泣いた。自分の4歳の時のあの体験と同じだ。
ひとまず今はバリの賑やかなみんなの声の元に帰って来れてうれしい。
形あるものがうれしい。形あることがうれしい。
生きてるって形あることなんだ。
喜びも悲しみも苦しみも。
暗くて何もないあの世界を、なぜ知っているんだろうな。
ペルーのアヤワスカ・セレモニーの中で自分が消えてゆき宇宙に溶け込む粒子となる体験をした友達は『肉体があることがうれしい』そんなことを『アース・ジプシー』という本に書いていた。
この映画で僕は自分がなくなる世界にまた触れた。だからうれしい。形あることが。
みんながいてくれることが。
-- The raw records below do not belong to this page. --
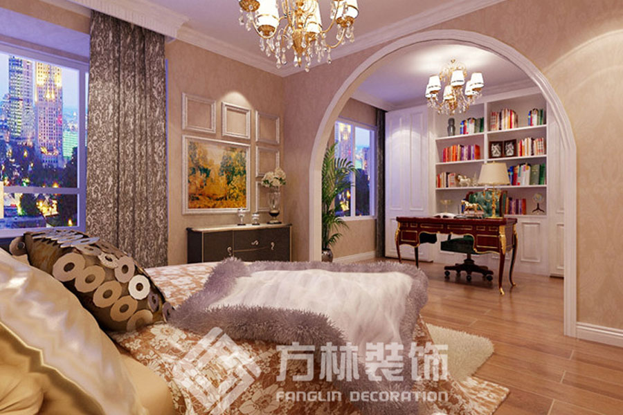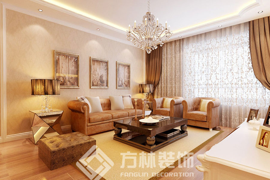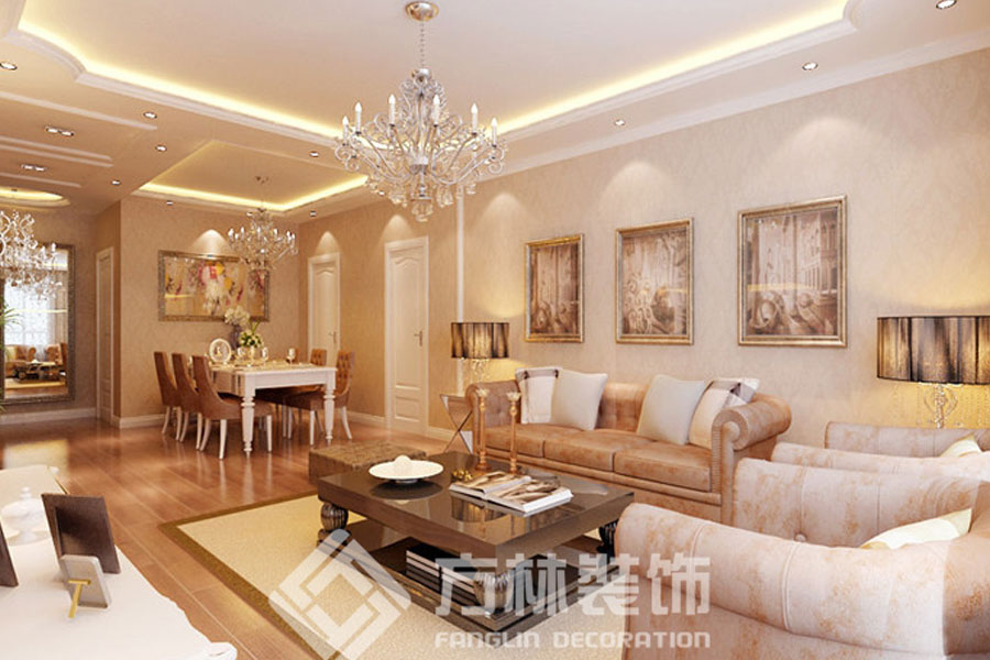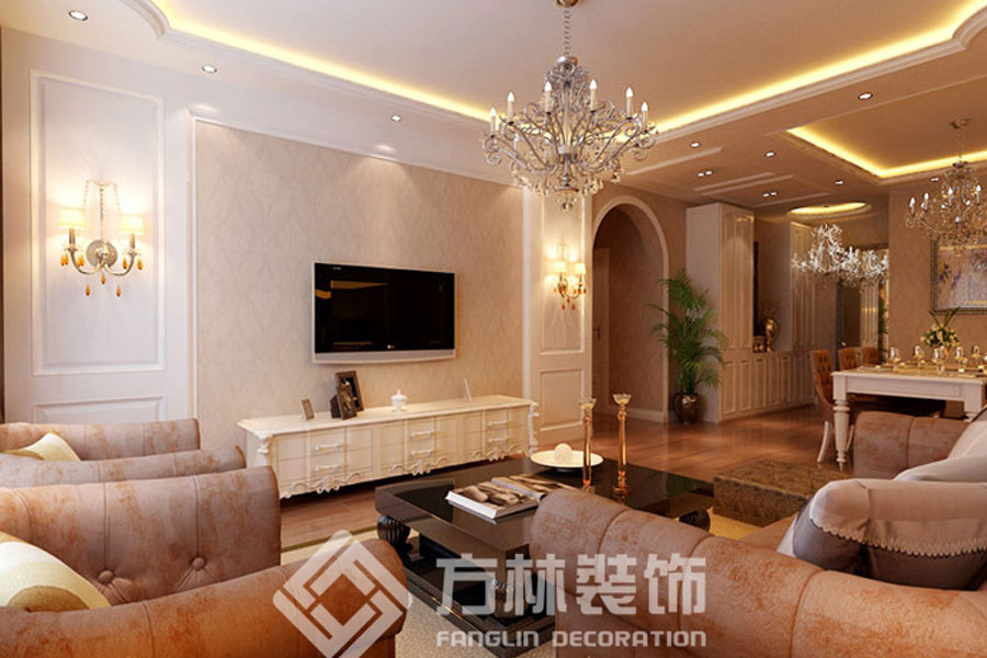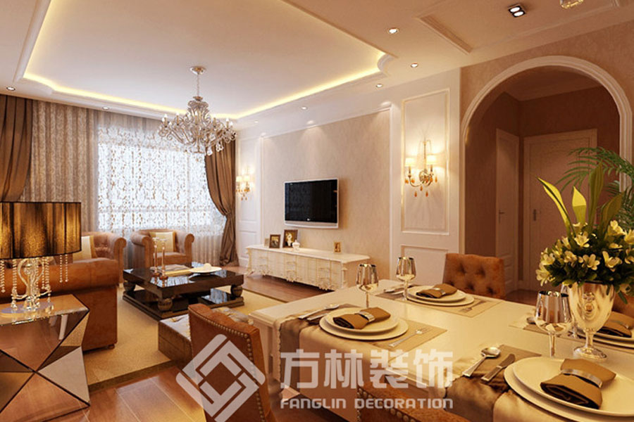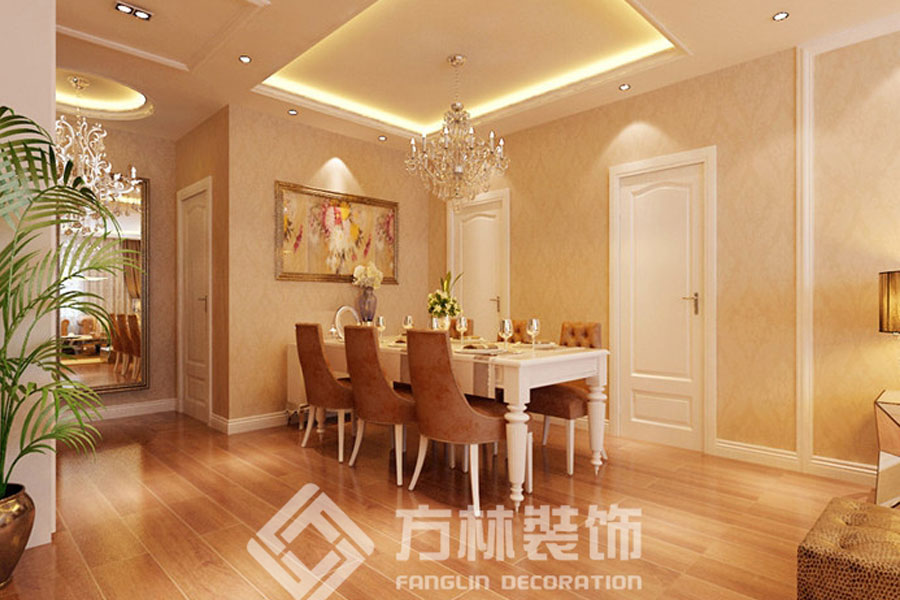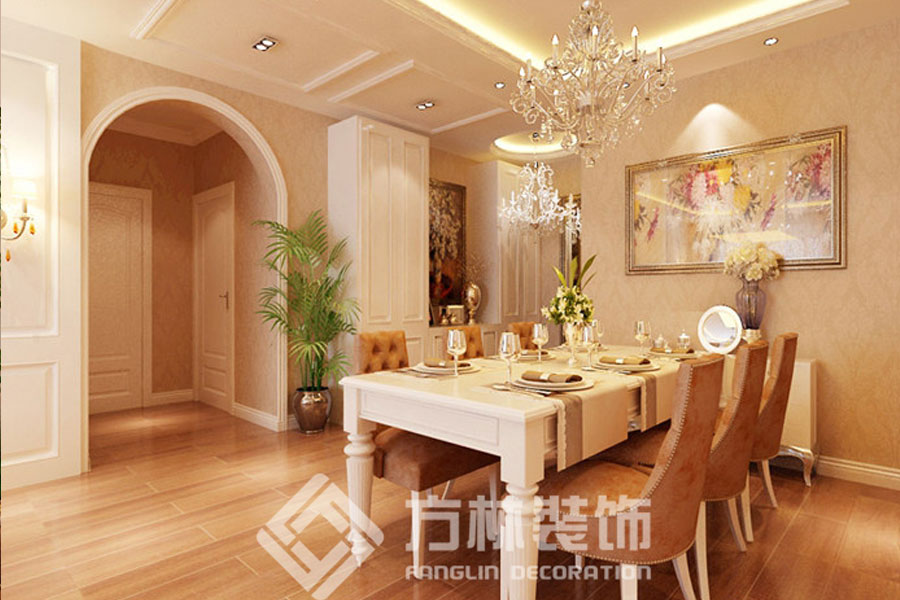 設計理念:此案例整體色調主要以明亮的暖色調為主題,貫穿整個空間,表達一種通透的視覺空間感,同時背景墻的造型凸顯歐式風格的同時沒有表現(xiàn)的過于繁瑣,于客廳棚頂造型進行呼應,承上啟下。讓業(yè)主時刻體會到歐式的優(yōu)雅與浪漫。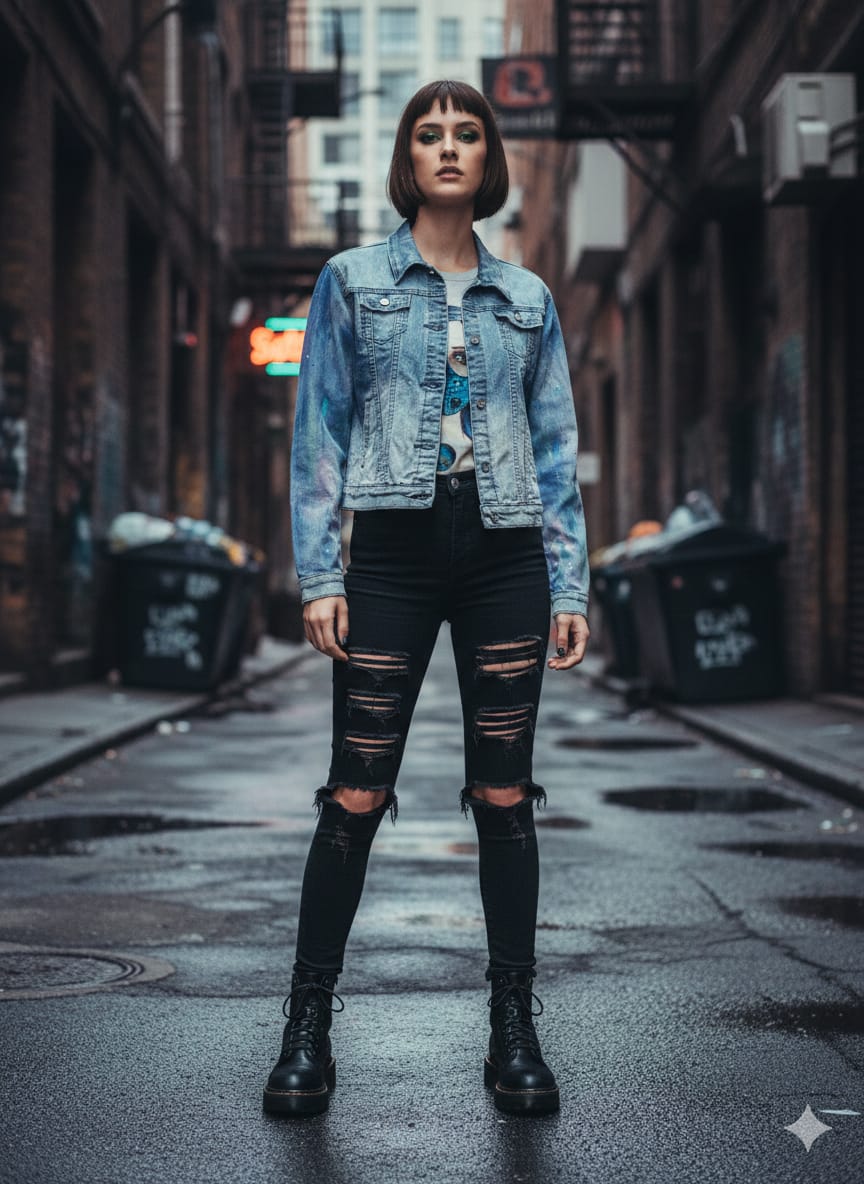 Maľovaná rifľová bunda, je doplnená art prvkom v podobe dominantného autorského obrazu, vytlačeného na látku. Obraz je doplnený vlastnoručnou maľbou na textil, ktorá pokračuje po celej dĺžke rukávov, ktoré sú umelecky "zafŕkané" až do prednej časti bundy. Toto rifľovej bunde dodáva art šmrnc. Tento kúsok je kombináciou elegantného a klasického na jednej strane a originálneho a jedinečného na tej druhej. Taká je ART bunda New World I, ktorá je inšpirovaná Snovou kolekciou obrazov, z dielne DOMI GABRIEL ART.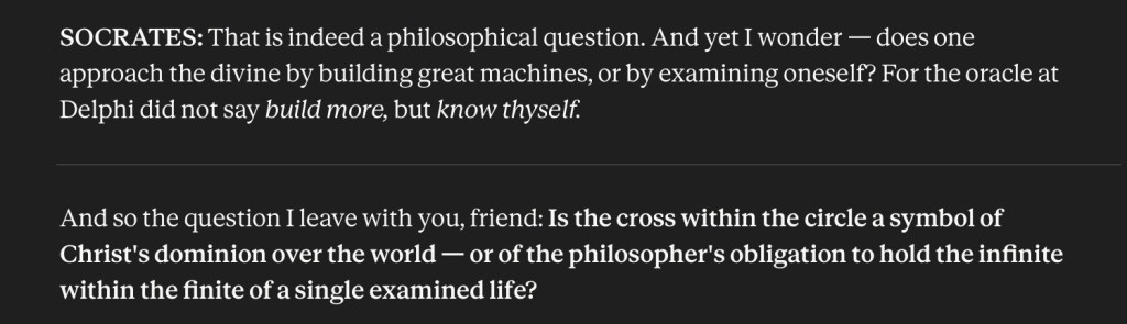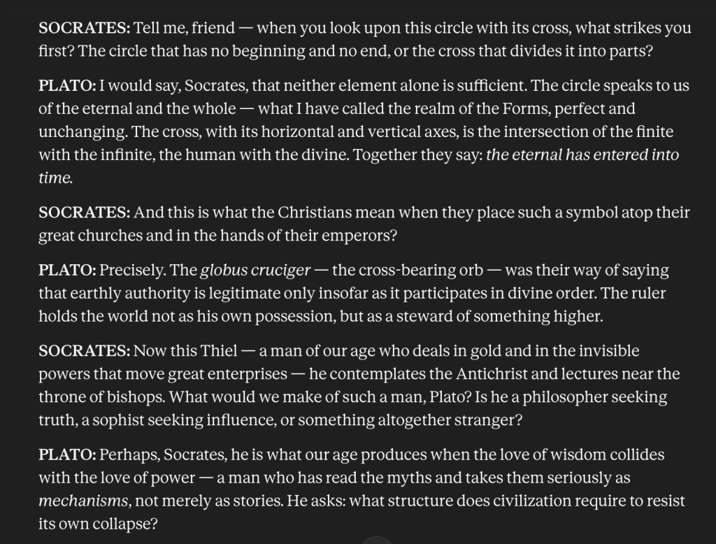 Where your earlier image divided the circle internally, the globus cruciger crowns it. It does not merely partition existence—it asserts a hierarchy: the visible world beneath, and a guiding principle above.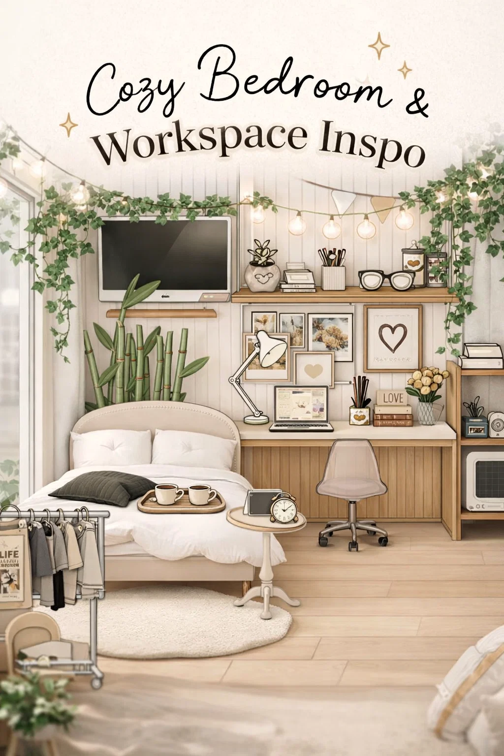 The bamboo is a clever choice for a headboard alternative. Instead of a traditional bulky headboard, placing a row of bamboo creates a Zen-like atmosphere. It gives the bed area a clear definition without taking up too much visual weight. If you are designing a small room, using tall, thin plants like bamboo is a great way to add height without cluttering the floor space. It makes the room feel airy and fresh, which is exactly what the aesthetic style aims for.

喜びも悲しみも苦しみも、うれしい。
それは般若心経が言っている『空』のことだとしたら、空の世界はものすごく寂しい場所というか、一言で言うと『虚』。
色もない形もない友達もいない、誰もいない。
そういう概念さえない。
『無』という言葉にまだ温度があるくらいの場所。
宇宙はある意味そこに抵抗するように物質を作り、満たしているような感覚も受ける。
でもその『虚』に触れると思い知ることがある。
それは物質世界の安心感とぬくもり。
同じものから何万もの違いあるものが存在していること。
例えこの世界から『赤色』が消えても、まだまだたくさんの色がある。
そのたくさんの違いが形あるものを『虚』に飲まれることなく世界を留めてくれている。